Keywords: bacterial community, cellulolytic bacteria, muscle fatty acids, rumen acidosis, sheep
Introduction
Subacute rumen acidosis (SARA) is a nutritional metabolic disease mainly caused by an excessive intake of easily fermentable carbohydrates, and SARA commonly occurs in high-yielding dairy cows and fattening sheep (Gao and Oba, 2014; Kent-Dennis et al., 2019). SARA usually increases the risk of liver abscess (Wiese et al., 2017), diarrhea, and laminitis (Khafipour et al., 2009a), leading to substantial economic losses. Previous studies indicated that the risk of SARA among lactating dairy cows (Gao and Oba, 2016) and fattening lambs (Li et al., 2017) was different, although they were fed an identical diet. Li et al. (2017) found that lambs with higher SARA risk (HSR) showed lower ruminal pH and higher concentrations of propionate compared with lambs with lower SARA risk (LSR), although all lambs were fed the same diet throughout the experiment. The results in the study of Nasrollahi et al. (2017) suggested that the ruminal pH values ranged from 4.78 to 6.08, although all cows (n = 78) were fed the same 65% concentrate diet. In addition, a high-concentrate diet would alter the abundances of bacteria in the rumen due to the decreased pH of the rumen, and cellulolytic bacteria (Ruminococcus albus, Ruminococcus flavefaciens, Fibrobacter succinogenes, and Butyrivibrio fibrisolvens) are usually sensitive to rumen pH (Mickdam et al., 2016). Li et al. (2017) showed that ruminal cellulolytic bacteria could be used as a potential biomarker of SARA risk in sheep herds.
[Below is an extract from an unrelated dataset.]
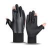 Luvas quentes de couro de inverno forradas de lã homens antiderrapantes à prova de dedos à prova de vento à prova d'água Touch Screen à prova de fotos à prova de frio Flip-Cover Luvas
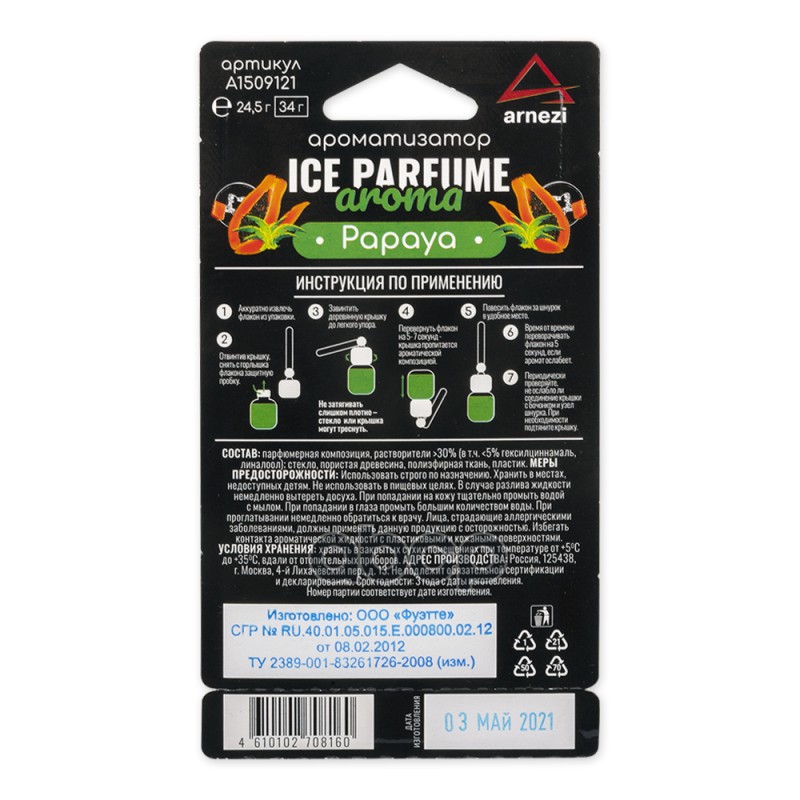 Чтобы купить Ароматизатор подвесной, парфюм Papaya ARNEZI арт. A1509121 оптом по цене 112 руб., свяжитесь с поставщиком. Компания поставщик — For-cars (ИП «Иванов Алексей Валентинович») из города Москва. Доставка возможна самовывоз, транспортной компанией, авиатранспортом, железной дорогой. Способы оплаты: наличными, безналичная оплата, электронные деньги.

Earlier studies reported that different rumen bacterial species could synthesize unique odd- and branched-chain fatty acid (OBCFA); cellulolytic bacteria synthesized more iso FAs (e.g., iso C14:0 and iso C15:0), whereas amylolytic bacteria were rich in anteiso and linear odd-chain FAs (e.g., anteiso C15:0, C15:0; Fievez et al., 2012; Baumann et al., 2016). The OBCFA absorbed from bacteria could be taken up by the mammary gland, which could reflect the abundances of rumen microbial species and rumen pH. Baumann et al. (2016) performed multiple regression analysis and found that the content of iso C14:0, iso C15:0, and C22:0 in milk could be used to predict the rumen pH.
In addition, several studies have shown that high-concentrate diets altered the hydrogenation pathway of unsaturated fatty acids (UFAs) by altering the number of B. fibrisolvens, which was important for improving hydrogenation (Enjalbert et al., 2017; Santos-Silva et al., 2019). The shift in the hydrogenation pathway of C18:2 n-6 in the rumen digesta away from cis-9, trans-11 C18:2, and trans-11 C18:1 toward trans-10, cis-12 C18:2, and trans-10 C18:1 was common when cows and goats were fed the high-concentrate diet (Vlaeminck, 2006b; Zened et al., 2013; Honkanen et al., 2016). These results indicated that rumen cellulolytic bacteria could affect the fatty acid (FA) composition of the rumen content (biohydrogenation, isomerization, and bacterial OBCFA), which could change the FAs in the muscle of sheep (Li et al., 2020).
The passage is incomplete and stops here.